Saved data entries:
══════════════════════════════
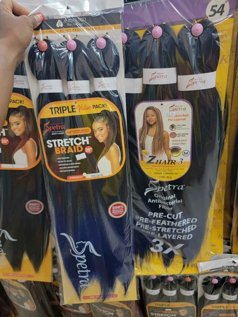 For box braids any hair like the image below will be great. Purchasing three packs of a pre-stretched (3 bundles included) is all you need for box braids.
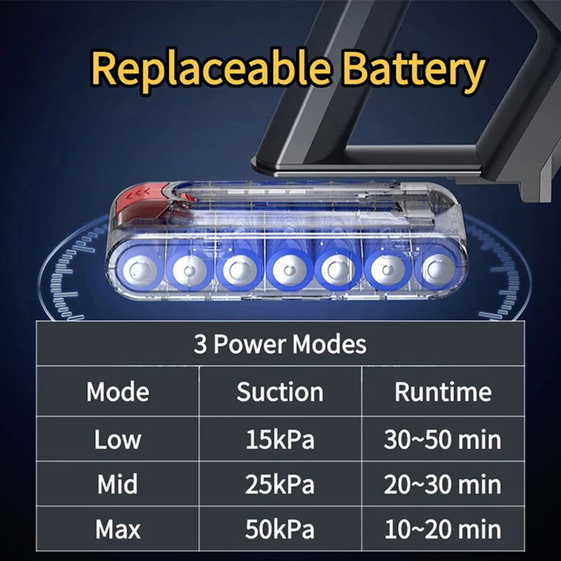 Equipped with a removable rechargeable battery, this vacuum provides up to 50 minutes of continuous runtime, allowing you to clean entire homes, vehicles, and furniture without interruption. Ideal for tackling pet hair, carpets, hardwood floors, and upholstery β itβs a premium combination of power, technology, and convenience.
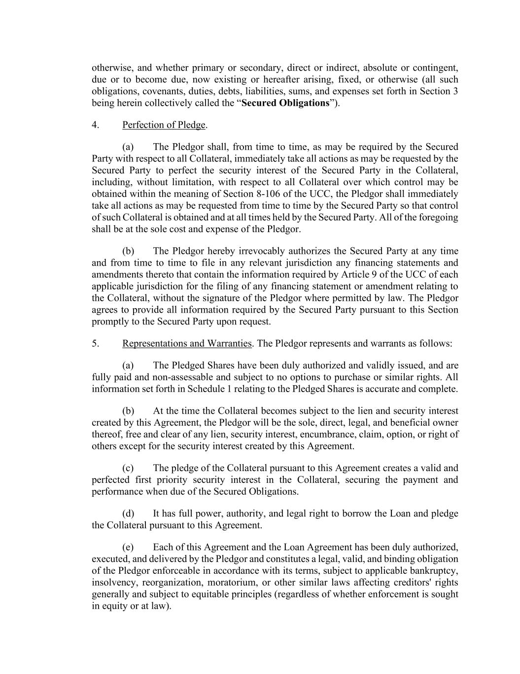 otherwise, and whether primary or secondary, direct or indirect, absolute or contingent, due or to become due, now existing or hereafter arising, fixed, or otherwise (all such obligations, covenants, duties, debts, liabilities, sums, and expenses set forth in Section 3 being herein collectively called the “Secured Obligations”). 4. Perfection of Pledge. (a) The Pledgor shall, from time to time, as may be required by the Secured Party with respect to all Collateral, immediately take all actions as may be requested by the Secured Party to perfect the security interest of the Secured Party in the Collateral, including, without limitation, with respect to all Collateral over which control may be obtained within the meaning of Section 8-106 of the UCC, the Pledgor shall immediately take all actions as may be requested from time to time by the Secured Party so that control of such Collateral is obtained and at all times held by the Secured Party. All of the foregoing shall be at the sole cost and expense of the Pledgor. (b) The Pledgor hereby irrevocably authorizes the Secured Party at any time and from time to time to file in any relevant jurisdiction any financing statements and amendments thereto that contain the information required by Article 9 of the UCC of each applicable jurisdiction for the filing of any financing statement or amendment relating to the Collateral, without the signature of the Pledgor where permitted by law. The Pledgor agrees to provide all information required by the Secured Party pursuant to this Section promptly to the Secured Party upon request. 5. Representations and Warranties. The Pledgor represents and warrants as follows: (a) The Pledged Shares have been duly authorized and validly issued, and are fully paid and non-assessable and subject to no options to purchase or similar rights. All information set forth in Schedule 1 relating to the Pledged Shares is accurate and complete. (b) At the time the Collateral becomes subject to the lien and security interest created by this Agreement, the Pledgor will be the sole, direct, legal, and beneficial owner thereof, free and clear of any lien, security interest, encumbrance, claim, option, or right of others except for the security interest created by this Agreement. (c) The pledge of the Collateral pursuant to this Agreement creates a valid and perfected first priority security interest in the Collateral, securing the payment and performance when due of the Secured Obligations. (d) It has full power, authority, and legal right to borrow the Loan and pledge the Collateral pursuant to this Agreement. (e) Each of this Agreement and the Loan Agreement has been duly authorized, executed, and delivered by the Pledgor and constitutes a legal, valid, and binding obligation of the Pledgor enforceable in accordance with its terms, subject to applicable bankruptcy, insolvency, reorganization, moratorium, or other similar laws affecting creditors' rights generally and subject to equitable principles (regardless of whether enforcement is sought in equity or at law).
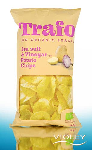Trafo Sea Salt and Vinegar Style Potato Chips. In Großbritannien gehört Salt & Vinegar seit vielen Jahren zu den populärsten Chips-Varianten. Die Chips mit Salz und Essig haben einen leicht säuerlichen und würzigen Geschmack. Genau das Richtige für entspannte Abende in geselliger Runde.
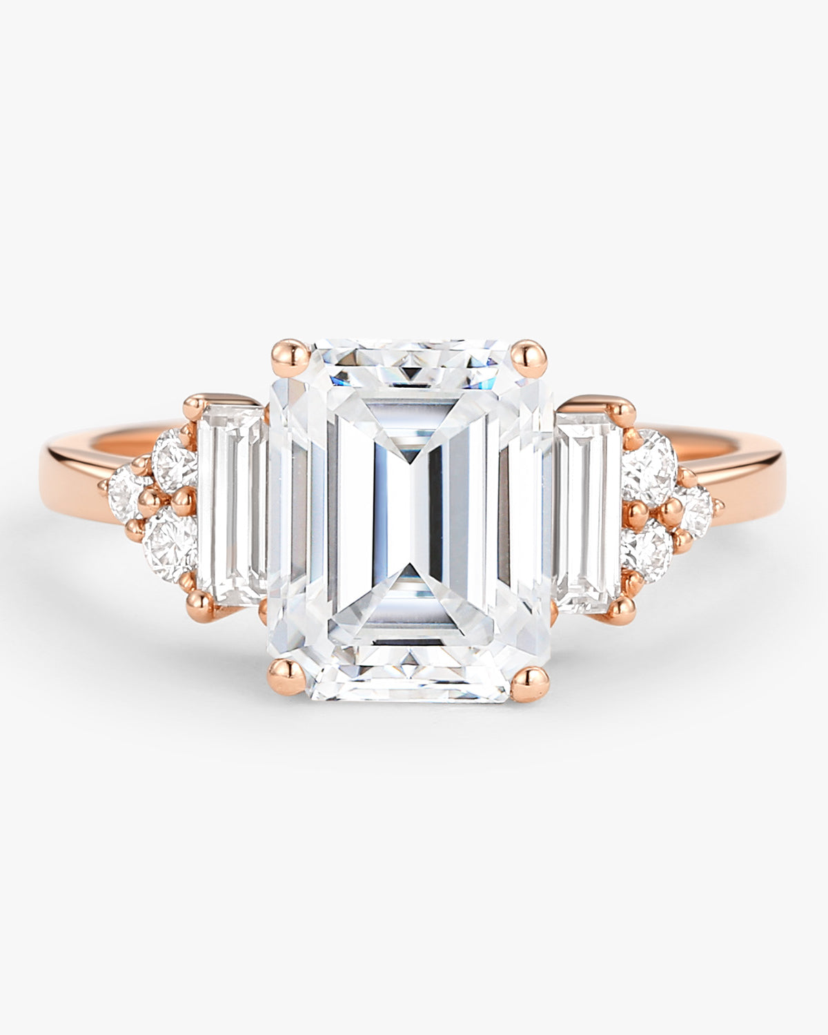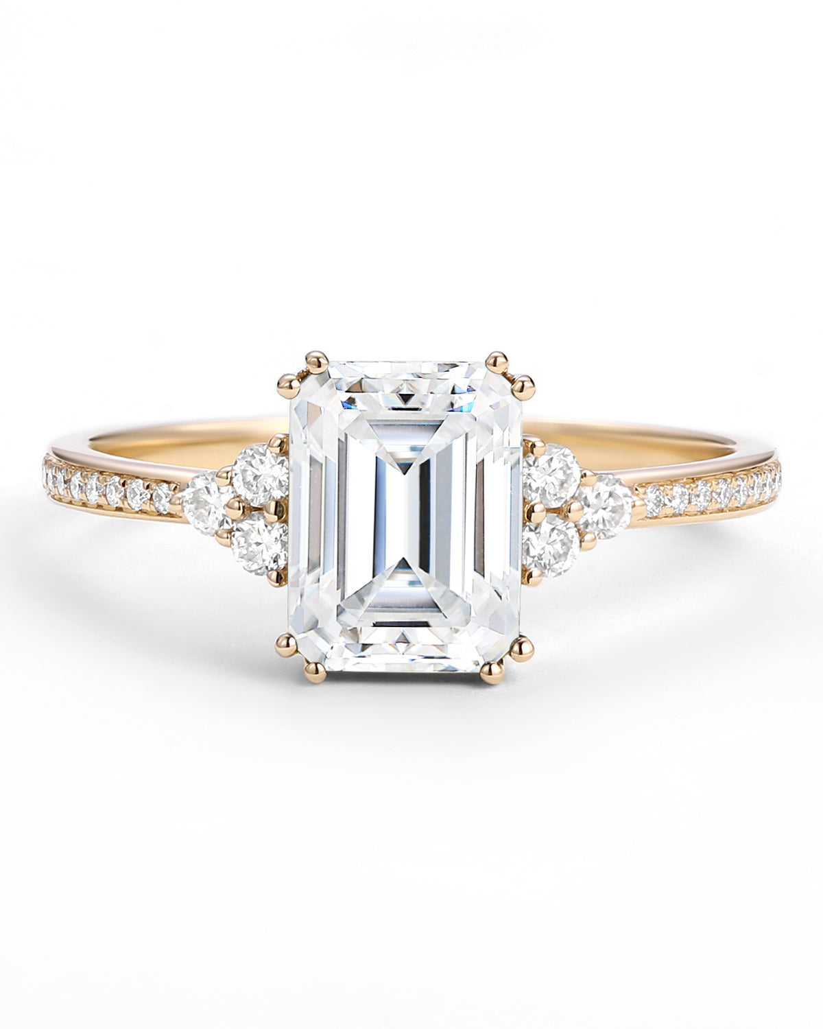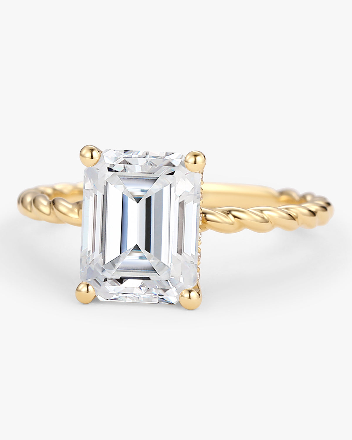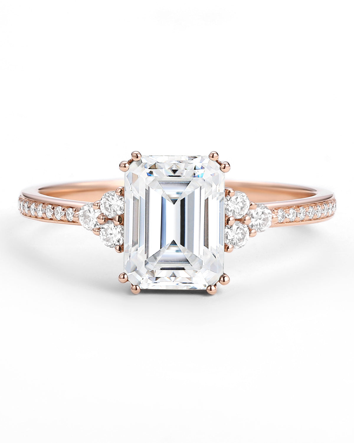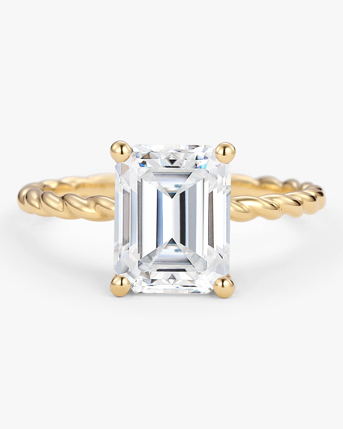 Emerald cut moissanite is known for its bold and elegant appearance, and when paired with moissanite rings, it creates dazzling and eye-catching vintage emerald cut engagement rings. The emerald cut is a classic shape that is characterized by its long, rectangular facets that create a hall-of-mirrors effect.
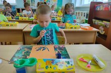 «Әкият» төркемендә сәнгать - эстетик үсеш буенча кызыклы дәрес узды. Дәрес темасы "Яңгыр ява". Максат: «пластилинография» техникасында эшләү ысулларын беркетү: декоратив элементларны әйләндерү, тигезләү, башкару; балаларны тема һәм дизайн буенча сурәтләү өчен объектларга кертергә өндәү.
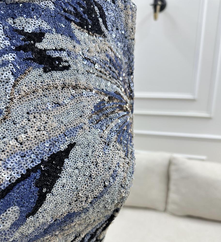 مصنوع من خامة شك مطرزة بالكامل تضيف لمسة من اللمعان الفاخر والتفاصيل الراقية، ويمنحك مظهر متكامل للسهرات والمناسبات الخاصة.
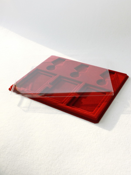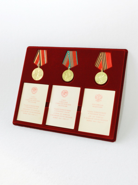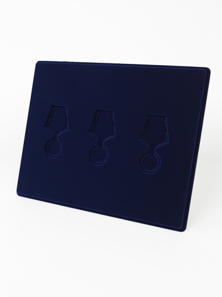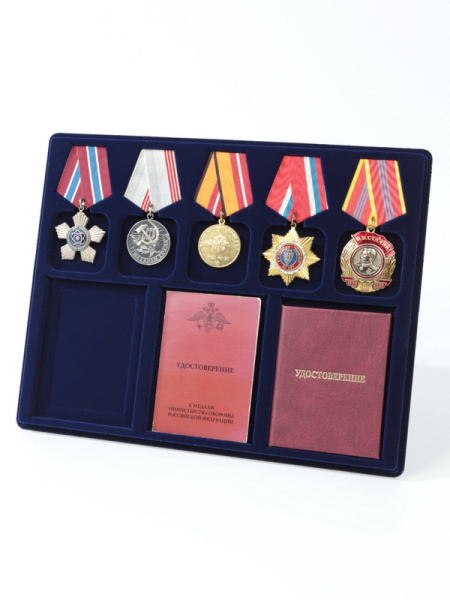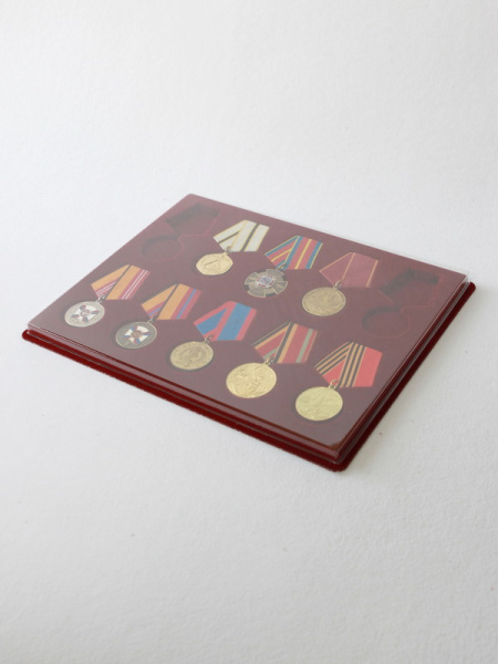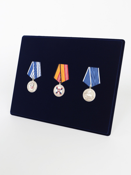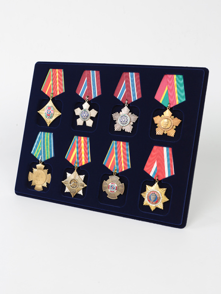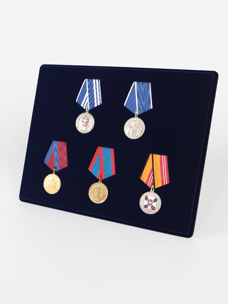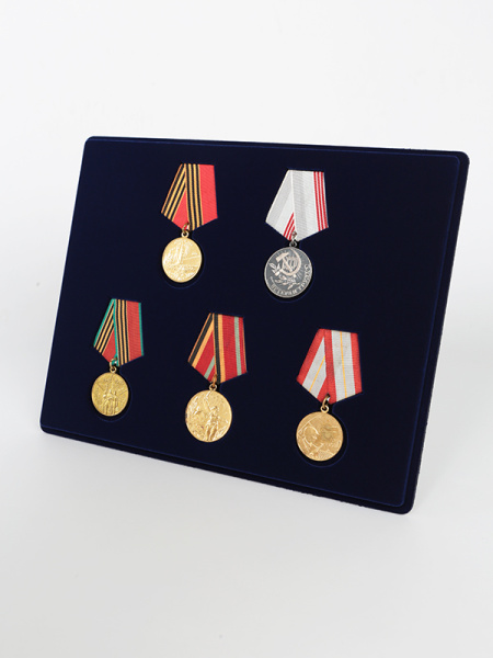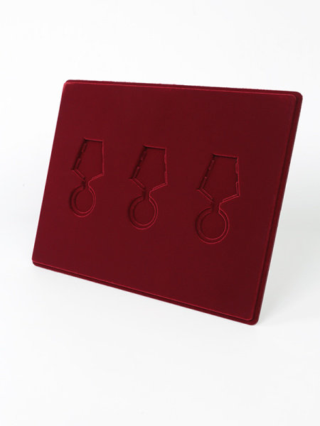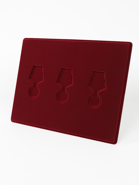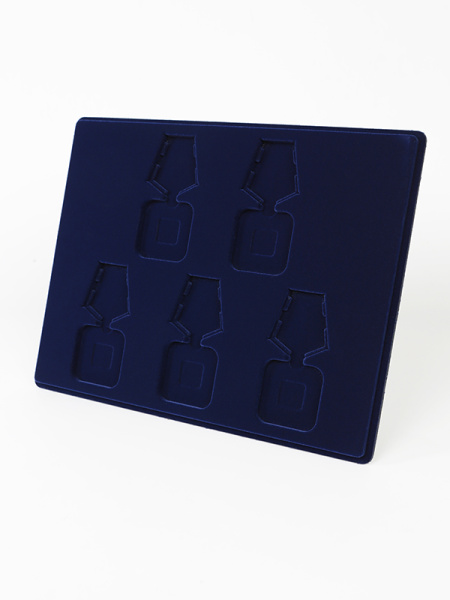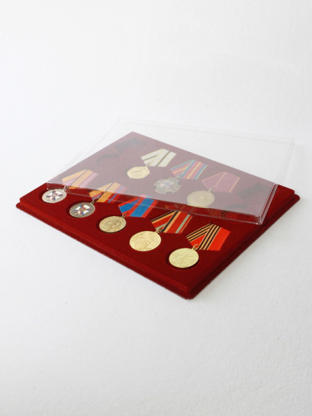Обратная сторона планшета для медалей серии S изготавливается из прочного пластика, а передняя часть покрыта приятным на ощупь флоком. Пластик черного цвета имеет фактурную текстуру, на которой не видны царапины и загрязнения. Сверху планшет накрывается прозрачной пластиковой крышкой, которая защищает коллекцию от негативных внешних воздействий: влаги, пыли, грязи, механических воздействий. Планшеты для орденов серии S изготавливаются из высококачественных европейских материалов.
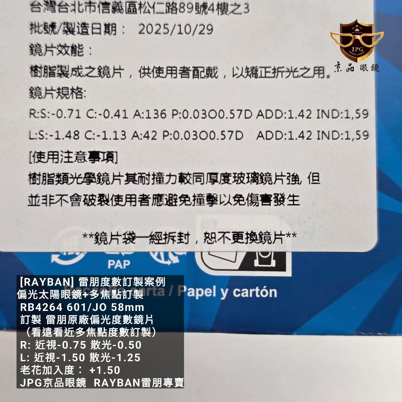 雷朋原廠偏光鏡片+多焦案例分享
══════════════════════════════
- **Your assignment**: Output the records above unchanged, minus their pictures.

- **Task result**:
 For box braids any hair like the image below will be great. Purchasing three packs of a pre-stretched (3 bundles included) is all you need for box braids.
 Equipped with a removable rechargeable battery, this vacuum provides up to 50 minutes of continuous runtime, allowing you to clean entire homes, vehicles, and furniture without interruption. Ideal for tackling pet hair, carpets, hardwood floors, and upholstery β itβs a premium combination of power, technology, and convenience.
 otherwise, and whether primary or secondary, direct or indirect, absolute or contingent, due or to become due, now existing or hereafter arising, fixed, or otherwise (all such obligations, covenants, duties, debts, liabilities, sums, and expenses set forth in Section 3 being herein collectively called the “Secured Obligations”). 4. Perfection of Pledge. (a) The Pledgor shall, from time to time, as may be required by the Secured Party with respect to all Collateral, immediately take all actions as may be requested by the Secured Party to perfect the security interest of the Secured Party in the Collateral, including, without limitation, with respect to all Collateral over which control may be obtained within the meaning of Section 8-106 of the UCC, the Pledgor shall immediately take all actions as may be requested from time to time by the Secured Party so that control of such Collateral is obtained and at all times held by the Secured Party. All of the foregoing shall be at the sole cost and expense of the Pledgor. (b) The Pledgor hereby irrevocably authorizes the Secured Party at any time and from time to time to file in any relevant jurisdiction any financing statements and amendments thereto that contain the information required by Article 9 of the UCC of each applicable jurisdiction for the filing of any financing statement or amendment relating to the Collateral, without the signature of the Pledgor where permitted by law. The Pledgor agrees to provide all information required by the Secured Party pursuant to this Section promptly to the Secured Party upon request. 5. Representations and Warranties. The Pledgor represents and warrants as follows: (a) The Pledged Shares have been duly authorized and validly issued, and are fully paid and non-assessable and subject to no options to purchase or similar rights. All information set forth in Schedule 1 relating to the Pledged Shares is accurate and complete. (b) At the time the Collateral becomes subject to the lien and security interest created by this Agreement, the Pledgor will be the sole, direct, legal, and beneficial owner thereof, free and clear of any lien, security interest, encumbrance, claim, option, or right of others except for the security interest created by this Agreement. (c) The pledge of the Collateral pursuant to this Agreement creates a valid and perfected first priority security interest in the Collateral, securing the payment and performance when due of the Secured Obligations. (d) It has full power, authority, and legal right to borrow the Loan and pledge the Collateral pursuant to this Agreement. (e) Each of this Agreement and the Loan Agreement has been duly authorized, executed, and delivered by the Pledgor and constitutes a legal, valid, and binding obligation of the Pledgor enforceable in accordance with its terms, subject to applicable bankruptcy, insolvency, reorganization, moratorium, or other similar laws affecting creditors' rights generally and subject to equitable principles (regardless of whether enforcement is sought in equity or at law).
Trafo Sea Salt and Vinegar Style Potato Chips. In Großbritannien gehört Salt & Vinegar seit vielen Jahren zu den populärsten Chips-Varianten. Die Chips mit Salz und Essig haben einen leicht säuerlichen und würzigen Geschmack. Genau das Richtige für entspannte Abende in geselliger Runde.
 Emerald cut moissanite is known for its bold and elegant appearance, and when paired with moissanite rings, it creates dazzling and eye-catching vintage emerald cut engagement rings. The emerald cut is a classic shape that is characterized by its long, rectangular facets that create a hall-of-mirrors effect.
 «Әкият» төркемендә сәнгать - эстетик үсеш буенча кызыклы дәрес узды. Дәрес темасы "Яңгыр ява". Максат: «пластилинография» техникасында эшләү ысулларын беркетү: декоратив элементларны әйләндерү, тигезләү, башкару; балаларны тема һәм дизайн буенча сурәтләү өчен объектларга кертергә өндәү.
 مصنوع من خامة شك مطرزة بالكامل تضيف لمسة من اللمعان الفاخر والتفاصيل الراقية، ويمنحك مظهر متكامل للسهرات والمناسبات الخاصة.
Обратная сторона планшета для медалей серии S изготавливается из прочного пластика, а передняя часть покрыта приятным на ощупь флоком. Пластик черного цвета имеет фактурную текстуру, на которой не видны царапины и загрязнения. Сверху планшет накрывается прозрачной пластиковой крышкой, которая защищает коллекцию от негативных внешних воздействий: влаги, пыли, грязи, механических воздействий. Планшеты для орденов серии S изготавливаются из высококачественных европейских материалов.
 雷朋原廠偏光鏡片+多焦案例分享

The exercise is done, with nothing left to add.